What needs to be done: When you reach the line with "圆头玛丽珍很有小家碧玉的感觉" in the listing below, transcribe it and each line after it up to and including the line with "Late 19th-early 20th", exactly and with nothing else.

Records shown:

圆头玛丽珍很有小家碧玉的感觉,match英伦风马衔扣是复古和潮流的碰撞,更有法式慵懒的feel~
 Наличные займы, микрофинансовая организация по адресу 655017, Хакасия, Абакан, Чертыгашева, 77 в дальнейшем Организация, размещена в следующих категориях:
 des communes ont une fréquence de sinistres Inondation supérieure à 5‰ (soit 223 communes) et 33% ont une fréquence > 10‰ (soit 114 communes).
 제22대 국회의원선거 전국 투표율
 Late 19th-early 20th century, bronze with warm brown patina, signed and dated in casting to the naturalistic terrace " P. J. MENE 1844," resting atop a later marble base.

--

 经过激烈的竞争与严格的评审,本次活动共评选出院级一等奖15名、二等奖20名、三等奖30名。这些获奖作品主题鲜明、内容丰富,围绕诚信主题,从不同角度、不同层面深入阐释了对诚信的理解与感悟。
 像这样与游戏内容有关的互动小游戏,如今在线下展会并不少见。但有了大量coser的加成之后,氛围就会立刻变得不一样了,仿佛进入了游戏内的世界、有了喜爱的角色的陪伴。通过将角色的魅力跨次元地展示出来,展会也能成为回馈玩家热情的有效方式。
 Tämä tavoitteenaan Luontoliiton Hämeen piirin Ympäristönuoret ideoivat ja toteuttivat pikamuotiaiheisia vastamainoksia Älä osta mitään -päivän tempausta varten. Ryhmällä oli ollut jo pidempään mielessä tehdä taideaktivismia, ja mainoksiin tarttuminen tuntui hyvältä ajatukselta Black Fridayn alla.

Expected output:
圆头玛丽珍很有小家碧玉的感觉,match英伦风马衔扣是复古和潮流的碰撞,更有法式慵懒的feel~
 Наличные займы, микрофинансовая организация по адресу 655017, Хакасия, Абакан, Чертыгашева, 77 в дальнейшем Организация, размещена в следующих категориях:
 des communes ont une fréquence de sinistres Inondation supérieure à 5‰ (soit 223 communes) et 33% ont une fréquence > 10‰ (soit 114 communes).
 제22대 국회의원선거 전국 투표율
 Late 19th-early 20th century, bronze with warm brown patina, signed and dated in casting to the naturalistic terrace " P. J. MENE 1844," resting atop a later marble base.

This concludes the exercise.